Mary Gaitskill Reads Revelation (Again, For the First Time)

A stirring second excerpt from Mary Gaitskill’s essay “Revelation”, this part comes toward the end, […]

David Zahl / 6.10.14

A stirring second excerpt from Mary Gaitskill’s essay “Revelation”, this part comes toward the end, where she talks about how her approach to the last book of the Bible has evolved since her initial conversion:

dragon-sun-womanWhen I look at Revelation now, it still seems frightening and impenetrable, and it still suggests a fearful, inexorable order that is unknowable by us, in which our earthly concerns matter very little. However, it no longer reads to me like a chronicle of arbitrarily inflicted cruelty. It reads like a terrible abstract of how we violate ourselves and others and thus bring down endless suffering on earth. When I read “And they blasphemed God of heaven because of their pain and their sores, and did not repent of their deeds,” I think of myself and dozens of other people I’ve known or know who blaspheme life itself by failing to have the courage to be honest and kind. And how we then rage around and lash out because we hurt. When I read “fornication,” I no longer read it as a description of sex outside marriage: I read it as sex done in a state of psychic disintegration, with no awareness of one’s self or one’s partner, let along any sense of honor or even real playfulness. I still don’t know what to make of the doctrine of the Nicolaitanes, among other things, but I’m now inclined to read it as a writer’s primitive attempt to give form to his moral urgency, to create a structure that could contain and give ballast to the most desperate human confusion.
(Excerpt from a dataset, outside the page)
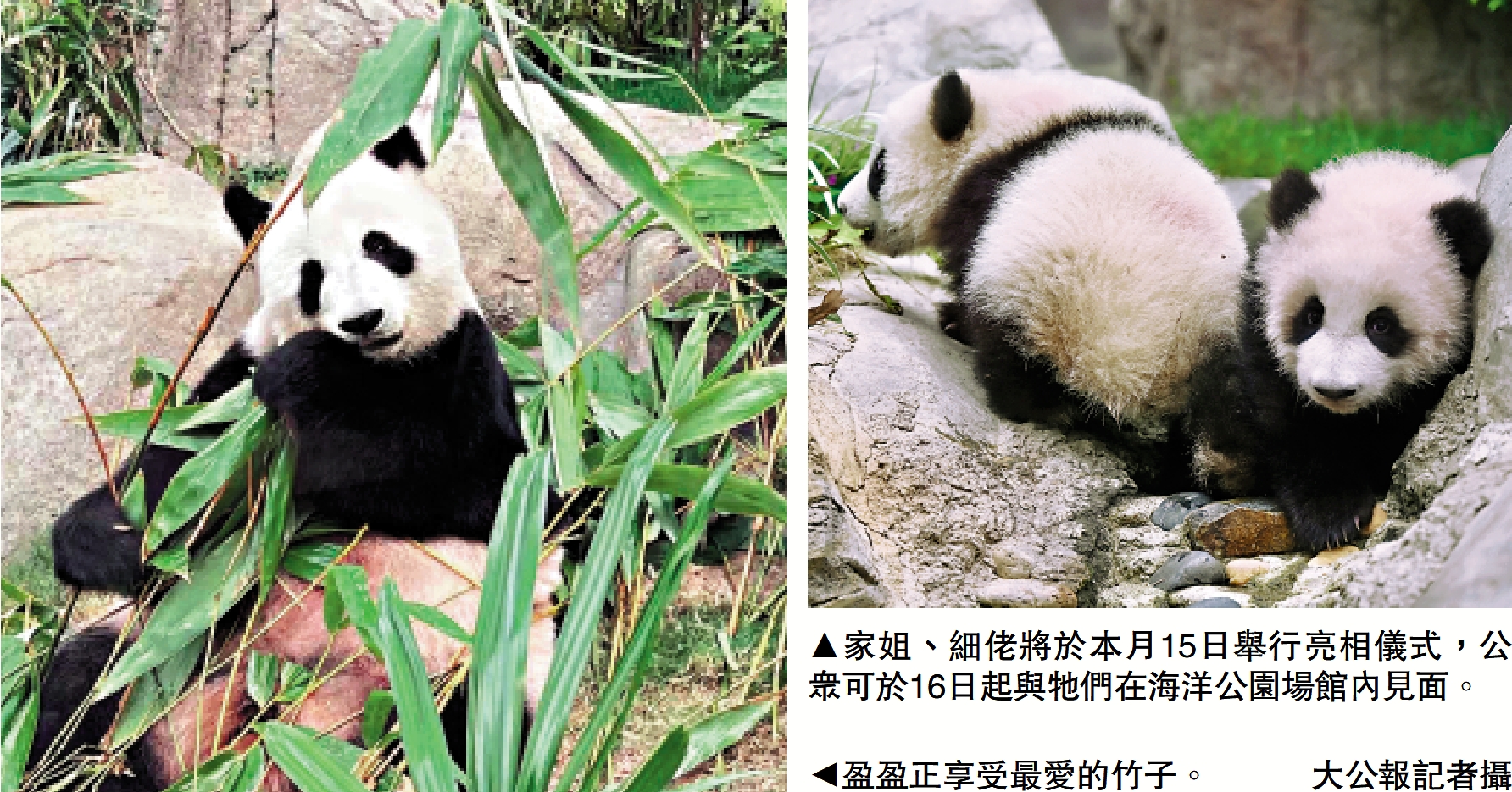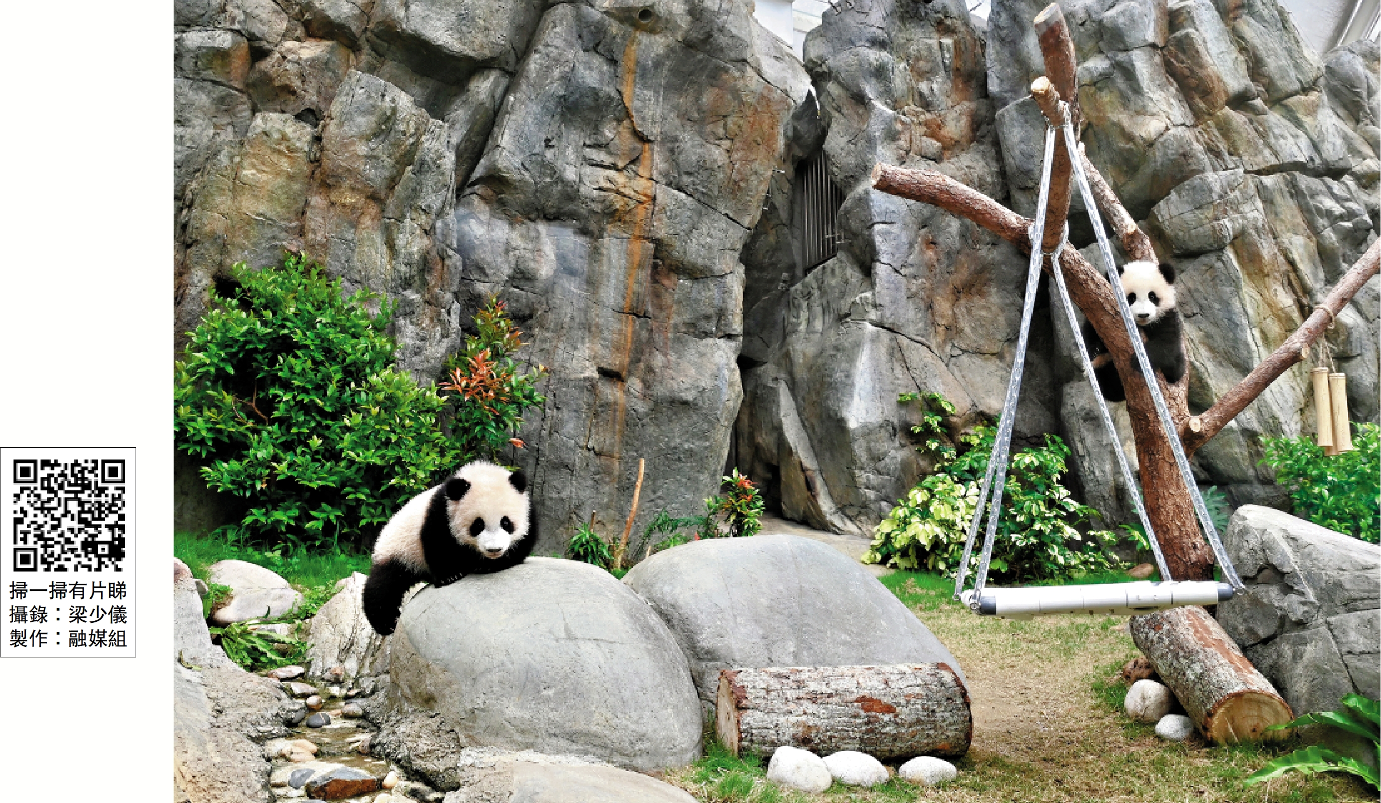 (大公報 記者 劉碩源)大熊貓龍鳳胎將於2月16日正式與公眾見面。昨日早上大公報記者率先入場了解大熊貓寶寶的生活情況。現場所見,「家姐」和「細佬」活潑好動,短暫午休過後就「爬上爬落」。據了解,家姐、細佬亮相後初期,在自己的外場園區活動,需要餵奶及回到內場時會和「盈盈」一起,園方預期今年內牠們可與媽媽盈盈一起在外場活動。旅遊業界預期,大熊貓龍鳳胎亮相可掀起新一波熱潮,下月或會有以家姐、細佬作招徠的旅行團。

In the past, my compassion felt inadequate in the face of Revelation because my compassion was small–perhaps immature is a better word–and conditional. I could not accept what I read there because it did not fit my idea of how life should be, even though I could feel the truth of it in my psyche. Now I recognize, with pain, a genuine description of how hellish life can be, and how even God can’t help us because we won’t allow it. Paradoxically, I find that the more you accept the pain and fear inherent in human experience, the greater your compassion can become, until finally it is no longer merely your compassion but a small part of the greater love epitomized in the Bible as Jesus.